Preparing Ground For A Fresh Bid

After the failure of the 2018 exercise, questions were raised over the future of the divestment process but the government refused to back down and came with improved terms for sale.

In order to improve investor confidence the government has also engaged a third party to carry out due diligence and the report will be shared with the potential buyers before the request for proposal (RFP) stage.

This has renewed hopes among many about the airline finally getting a new lease of life at the hands of a private operator.

The Key Terms And Conditions

Here are the key terms and conditions of the deal put forth by the government for the current sale.

1. First and foremost the government is offloading all its stake in the airline - 100 per cent, no strings attached. The airline if sold, will mean that the private part will have full management control without government or bureaucratic interference.

2. Airline debt, the second biggest deal breaker has also been addressed this time round. The government has reduced the liability amount and now Rs 23,286.50 crore will be transferred to the buyer - a reduction of Rs 10,000 crore. In another sweetener, the buyer would only need to accept those liabilities which are backed by airline assets.

The government has already approved the creation of a special purpose vehicle (SPV) to transfer a part of airline debt to make it more attractive to the buyers. Till date, almost Rs 30,000 crore has been transferred to the SPV.

3. The buyer will get control of airline’s assets worth Rs 30,000 crore, up from Rs 27,000 crore last time round. Air India currently has a total fleet of 128 aircraft out of which 56 per cent is owned by the airline and the rest are leased. The new buyer will thus have an option of selling those jets and operating them on a lease basis.

4. As is the case of mergers and acquisitions, the government has promised to ensure that no liabilities exceeding assets will be passed on to buyer.

5. Any private, public, LLP and corporation is eligible to bid for the airline. Foreign buyers would be allowed to buy a 49 per cent stake in the airline.

The minimum net worth required for the buyers too has been reduced from Rs 5,000 to Rs 3,500 crore. The buyer will now also be allowed to merge the airline with the group’s existing businesses.

If a consortium decides to bid for the airline, each of its member would need to hold at least 10 per cent equity and the lead member’s minimum equity requirement is 26 per cent.

6. The new owners would have to retain the brand name of the airline and would not be able to change it. The bidder will also have to ensure that Air India and Air India Express continue to provide air transport service for a minimum period of three years from the date of sale closure.

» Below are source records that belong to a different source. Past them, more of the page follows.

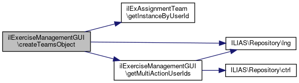 Here is the call graph for this function:| ilExerciseManagementGUI::createTeamsObject | ( | ) |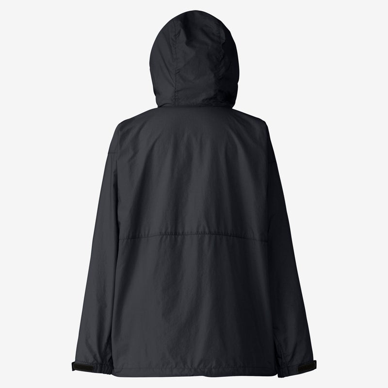 耐久はっ水加工を施し、ドローコードでフィット感を調節できるフード付きのため、多少の雨なら対応できます。
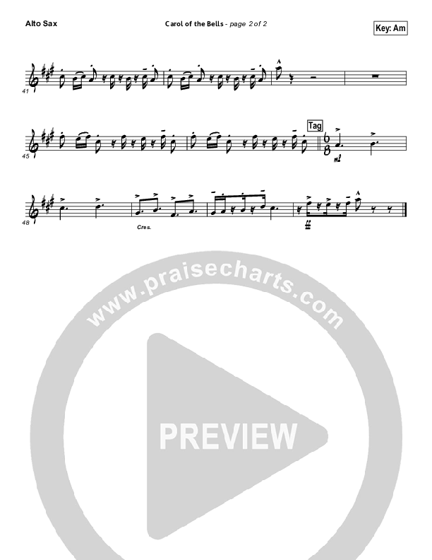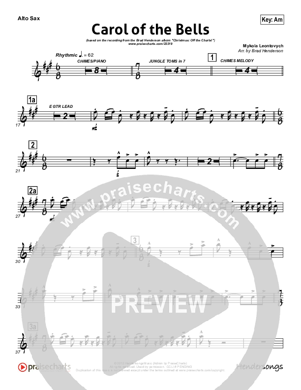 Download the AltoSax sheet music for Carol Of The Bells (Instrumental) by Brad Henderson, from the album Christmas Off The Charts. This song was arranged by Brad Henderson in the key of Am.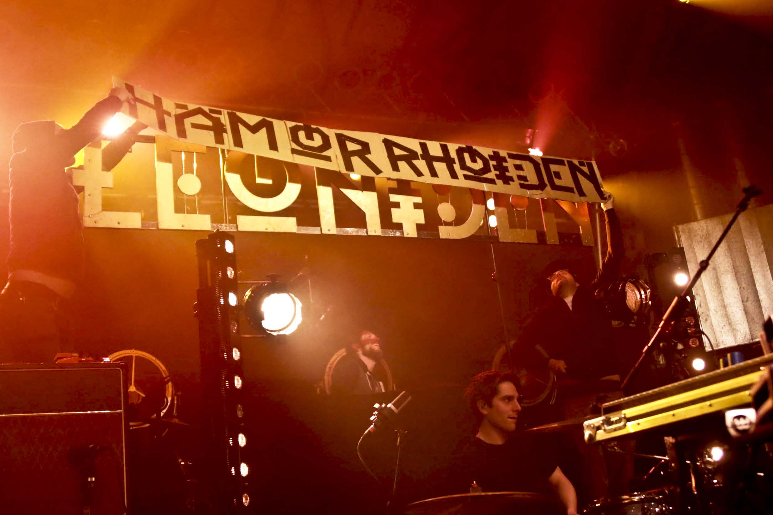 In den ersten Reihen hatten sich jedoch sichtlich eingefleischte Leoniden-Fans eingefunden, die auf ihre Kosten gekommen sein sollten. Für mich passte das einfach nicht so vor die Donots und so blieb es mein Highlight, dass während einem der ersten Lieder der Leoniden-Schriftzug zur Verwunderung der Band mit einem Hämorrhoiden-Banner überhängt wurde.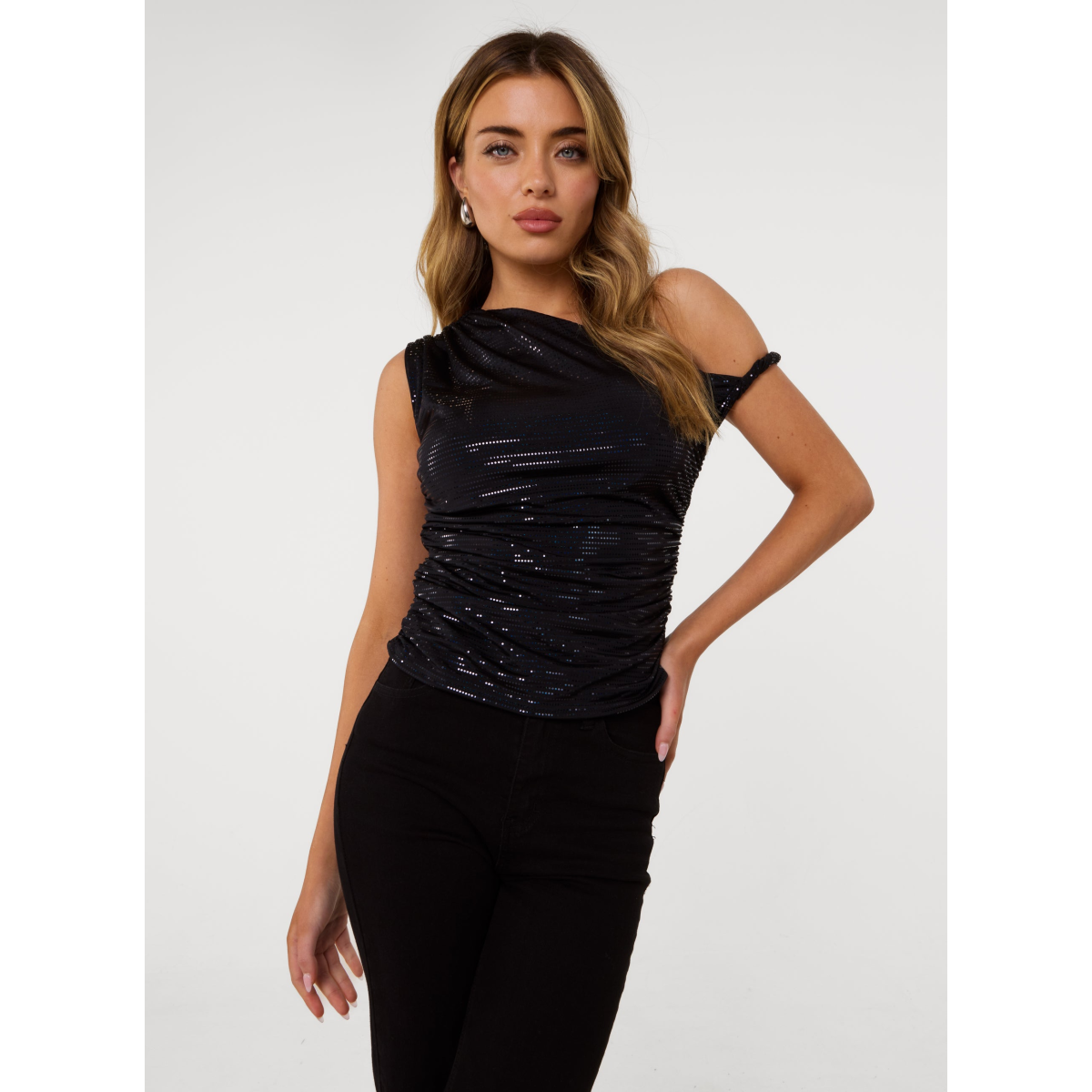 Party like a disco star with this super-flattering Twist Shoulder Disco Top.

7. The mandatory lock-in period for the buyer to operate the airline without transferring assets, has been reduced from the previous three years to one year. They will also not be allowed to create any encumbrance (additional burden) on the assets during this period. Sales in the ordinary course of business too cannot exceed Rs 1,000 crore.

8. The new owner will be required to transfer 3 per cent of the total airline stake to permanent employees as part of the airline’s employee stock ownership plan (ESOP).

The airline currently has 16,077 employees on its books out of which about 9,617 are permanent. The airline has reiterated that it does not have excess employees. Its employee strength stands at 133 per aircraft as compared to 136 for Singapore airlines. The government has assured that all employee dues will be cleared before the sale.

Various parties like IndiGo, Ethiad (which may form a partnership), Hinduja Group and US-based fund Interups have been linked with the sale.

The Narendra Modi led central government has set for itself an ambitious divestment target of Rs 1 lakh crore for the financial year 2019-20. It remains to be seen whether Air India will be one of the entries on the divestment list.